Drying cabinet(Pasteur oven) (Fig. 5) is a metal double-walled cabinet covered with asbestos on top. The top wall has holes for a thermometer and ventilation. Heated air rises from below between the walls and through the upper opening enters the cabinet, where the material to be sterilized is placed on the shelves. Sterilization is carried out with dry heat at 150 °C for 2 hours, at 165-170 °C - 45 minutes, at 180 °C - 15 minutes. Glassware is sterilized in a Pasteur oven. After sterilization, the cabinet is disconnected from the heating source and opened only after complete cooling.

Bacterial filters used to sterilize liquids without heating. These include Chamberlant, Berkefeld candles and Seitz asbestos filters (plates).

Filter candles (Fig. 6) are hollow cylinders made of finely porous substances: kaolin with an admixture quartz sand(Chamberlant candles) and infusorial earth (Berkefeld candles). Chamberlant candles have various sizes pores through which microbes pass. Candles that allow large bacteria to pass through are designated by the letters L9, L1(bis), L3, medium ones - L5, L7, the smallest ones - L9, L11 , L13 Berkefeld candles are designated by porosity W, N, V(candles with brand U have the largest pores).
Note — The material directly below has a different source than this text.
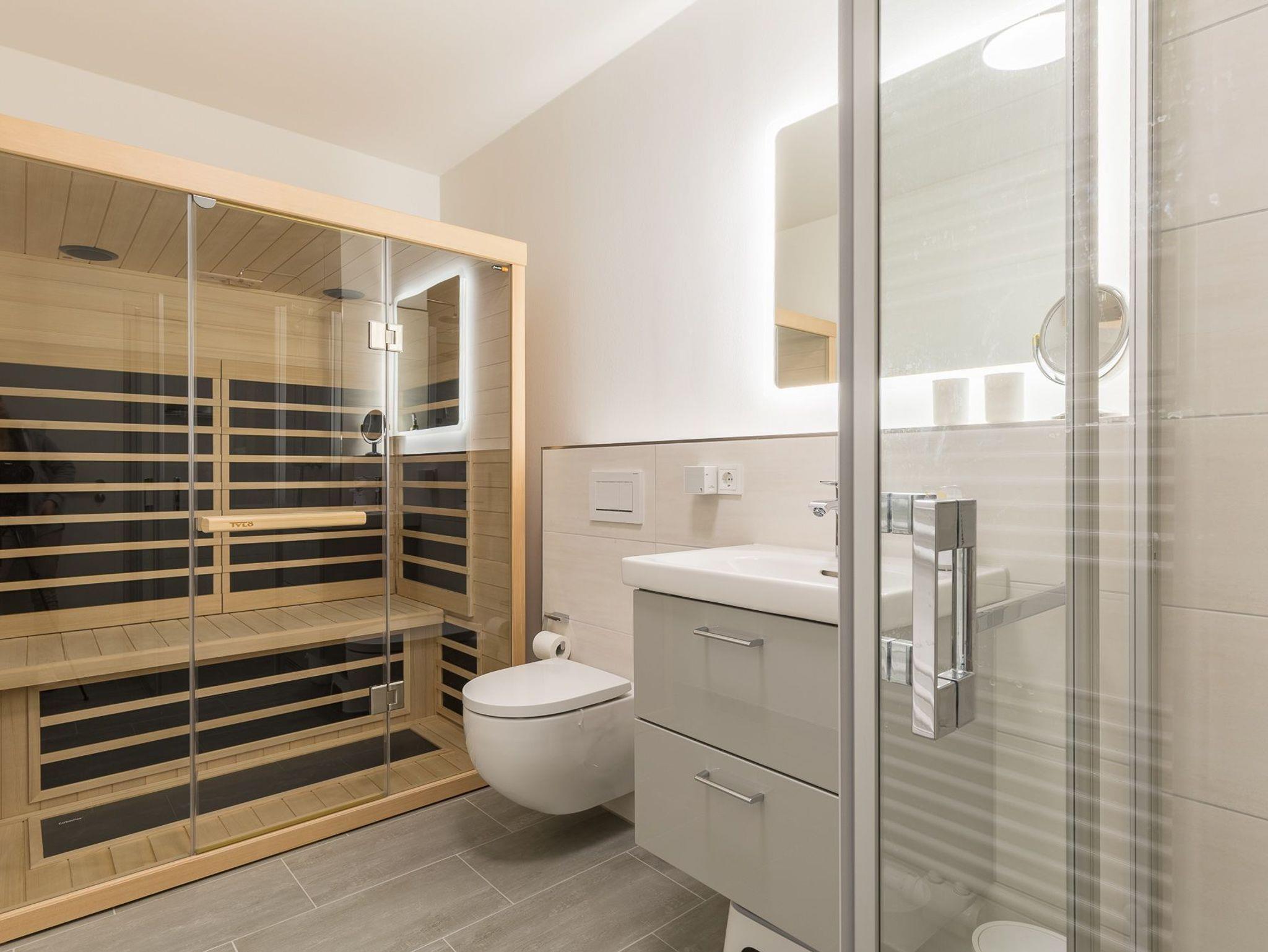 Die Ferienwohnung hat 3 Schlafzimmer, ein Wohnzimmer mit moderner Küche, 2 Bäder und einen Balkon. Zu den besonderen Extras zählen die Sauna und die Fußbodenheizung.

Seitz filters are asbestos plates of various sizes. When mounting the device for sterilization, the plate is placed on a mesh between metal disks (with a hole in the middle), which are pressed tightly together with screws. The mounted filter is inserted through a stopper into a flask with a side outlet (Bunsen flask) and a rubber tube, wrapped in paper and sterilized in an autoclave at 120 °C for 20-30 minutes.

To filter the material, a vacuum is created in a Bunsen flask by connecting to it a rubber tube with a Komovsky rarefaction oil hand pump or an electric vacuum pump.

Completing of the work. Microbes are cultivated at optimal temperature conditions. For this purpose, laboratories use air or water thermostats.

(Fig. 7) is a metal cabinet with double walls, between which there is a layer of water or air. The outer part of the thermostat is covered with a material that conducts heat poorly (asbestos, linoleum).

Rice. 4, 5, 6.

Inside the thermostat there are shelves for placing seed material of grown microorganisms. A constant temperature in the thermostat is maintained using a thermostat, which is built into the top cover of the thermostat. The thermostat device is based on the principle of linear expansion of substances. Thermoregulators are an alloy of any two metals with different coefficients of thermal expansion (brass, zinc) or a metal “cushion” filled with alcohol, a mixture of alcohol and ether, mercury or other substances that change their volume at a certain temperature. When the thermostat heats above the established norm, the metals expand, the contacts open and further heat flow is automatically delayed. After the temperature drops, the electric current is turned on and the flow of heat resumes.